## YOUR OBJECTIVE
Set down nothing but the lines from the one containing "Montmorency – Conseil" to the final line of the material, exactly as written, and drop the pictures.
Content starts
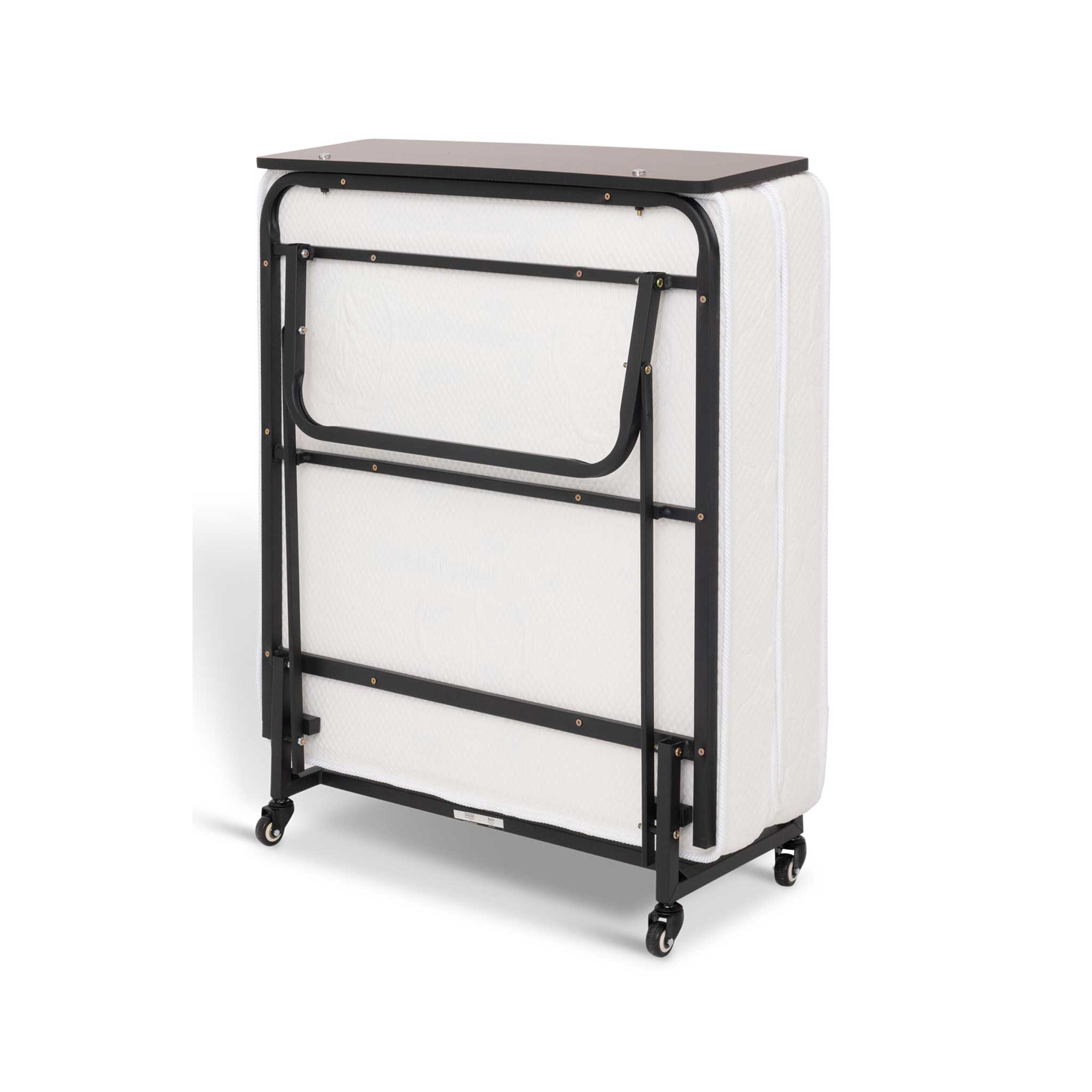 The folding mechanism is straightforward - housekeeping staff can set up or fold away the bed without complicated steps. When folded, it stores vertically at just 36 x 95 x 104cm, useful when storage space is limited.
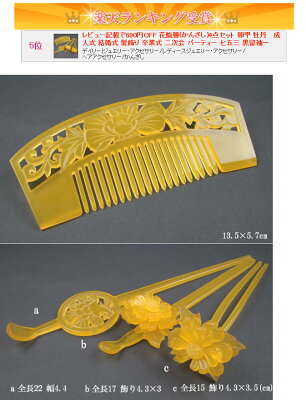 (品質表示) 樹脂製(寸法表示) 前櫛:13.5×5.7cm 平簪:全長22cm 幅4.4cm 簪:全長17 4.3×3cm 簪:全長15 4.3×3.5cm(原産国) 日本この商品は箱入りにてお届けします。
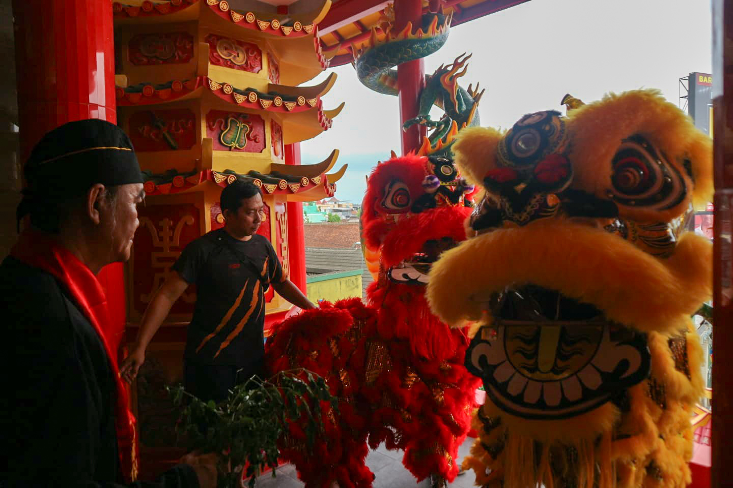 Prosesi pembersihan bangunan baru Kelenteng Poo An Kiong Blitar. Tampak dua barongsai sebagai bagian dari ritual tersebut.-Guruh D.N.-
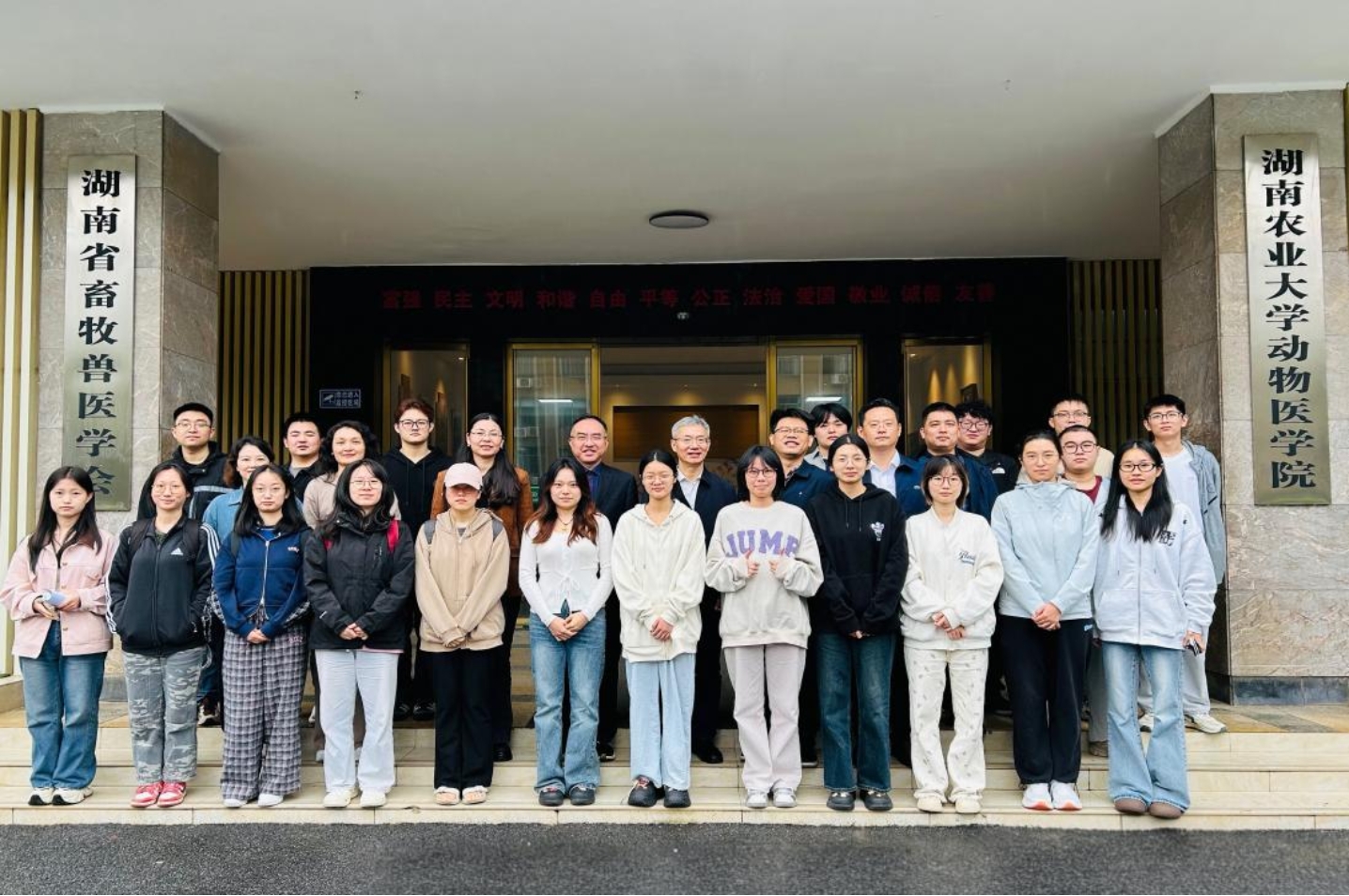 分享会上,嘉宾与优秀员工结合多年行业实践,通过线上和线下的方式倾情分享了从业心得与成长经验。他们指出,行业正处于提质增效的关键阶段,对高素质专业人才需求持续扩大,持续学习能力是保持核心竞争力的关键。鼓励同学们珍惜在校时光,提前规划、广泛尝试,主动探索适合自身的职业方向,并善用企业资源与平台优势提升综合能力。江庆国特别强调,毕业生应沉心静气夯实基础,同时树立社会责任意识,将个人成长融入行业进步,以实际行动推动农牧业高质量发展。
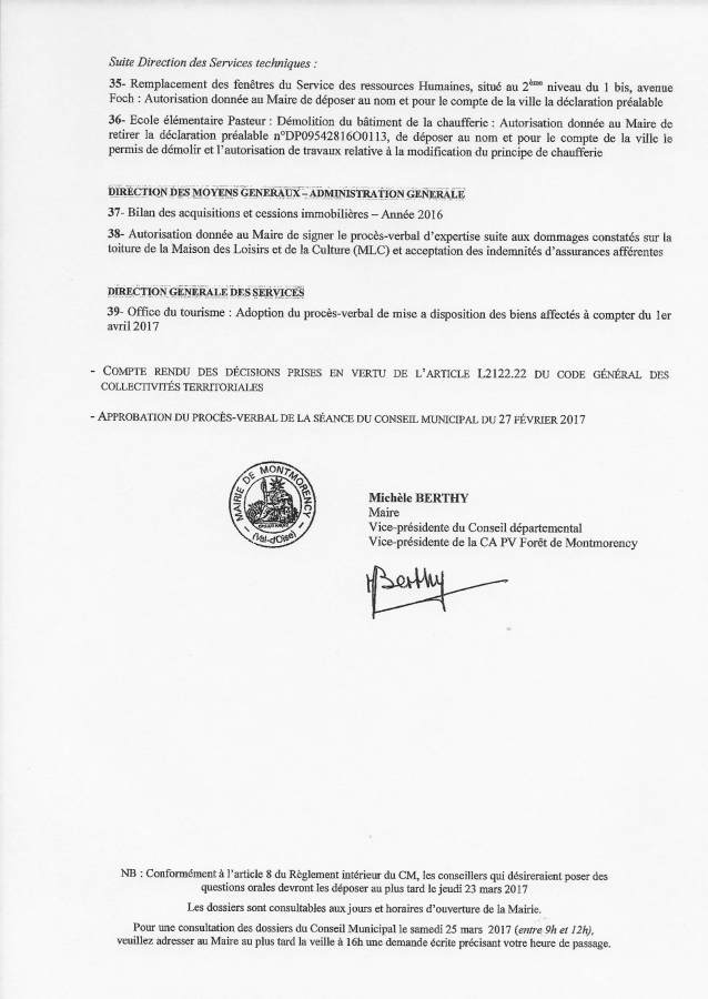 Montmorency – Conseil municipal – lundi 27 février
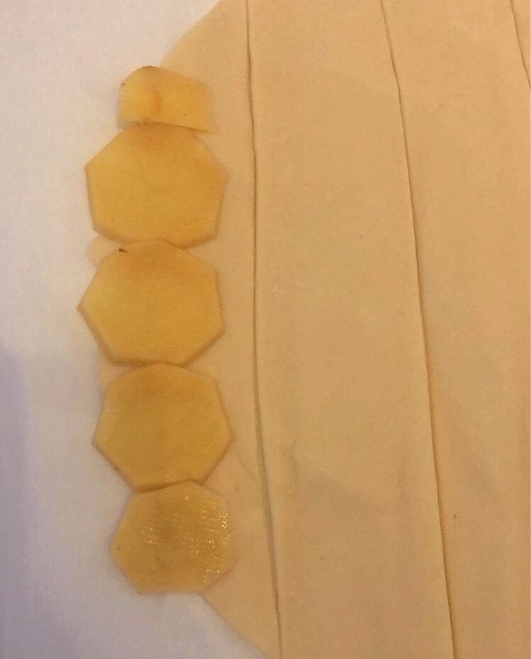 Posiziona le patate su tutta la lunghezza della pasta sfoglia, facendo in modo che per 3/4 siano adagiate sulla pasta sfoglia e il restante quarto esca fuori (sarà il petalo della rosa visibile post cottura). Lascia un pò di spazio alla base, per poter chiudere il fondo della rosa.
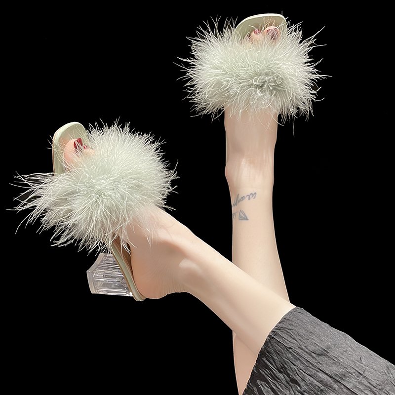 毛毛拖鞋女夏季新款外穿仙女风水晶高跟凉拖鞋一字晨袍拖鞋婚纱鞋
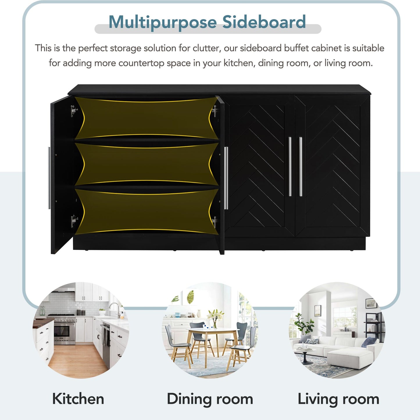 Multipurpose Sideboard: This is the perfect storage solution for clutter, and it will keep your living room and kitchen neat and orderly. Neat lines and unique striped design with cabinet combine aesthetics and practicality, which meets the aesthetic standards of every era. Our sideboard buffet cabinet is suitable for adding more countertop space in your kitchen, dining room, or living room.
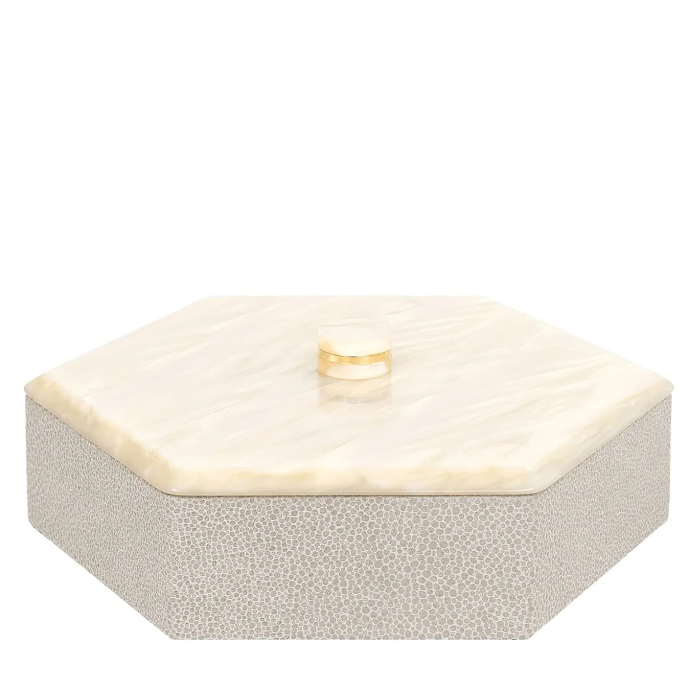 A precious and sophisticated design handcrafted of first-rate materials, this leather-upholstered box is enriched with a splendid lid fashioned of resin finished in a mother-of-pearl shade harmoniously blending with the cream shade of the hexagonal container. Please consult the Artemest catalog for other designs from the Kelly series.
Content ends
## EXPECTED ANSWER
 Montmorency – Conseil municipal – lundi 27 février
 Posiziona le patate su tutta la lunghezza della pasta sfoglia, facendo in modo che per 3/4 siano adagiate sulla pasta sfoglia e il restante quarto esca fuori (sarà il petalo della rosa visibile post cottura). Lascia un pò di spazio alla base, per poter chiudere il fondo della rosa.
 毛毛拖鞋女夏季新款外穿仙女风水晶高跟凉拖鞋一字晨袍拖鞋婚纱鞋
 Multipurpose Sideboard: This is the perfect storage solution for clutter, and it will keep your living room and kitchen neat and orderly. Neat lines and unique striped design with cabinet combine aesthetics and practicality, which meets the aesthetic standards of every era. Our sideboard buffet cabinet is suitable for adding more countertop space in your kitchen, dining room, or living room.
 A precious and sophisticated design handcrafted of first-rate materials, this leather-upholstered box is enriched with a splendid lid fashioned of resin finished in a mother-of-pearl shade harmoniously blending with the cream shade of the hexagonal container. Please consult the Artemest catalog for other designs from the Kelly series.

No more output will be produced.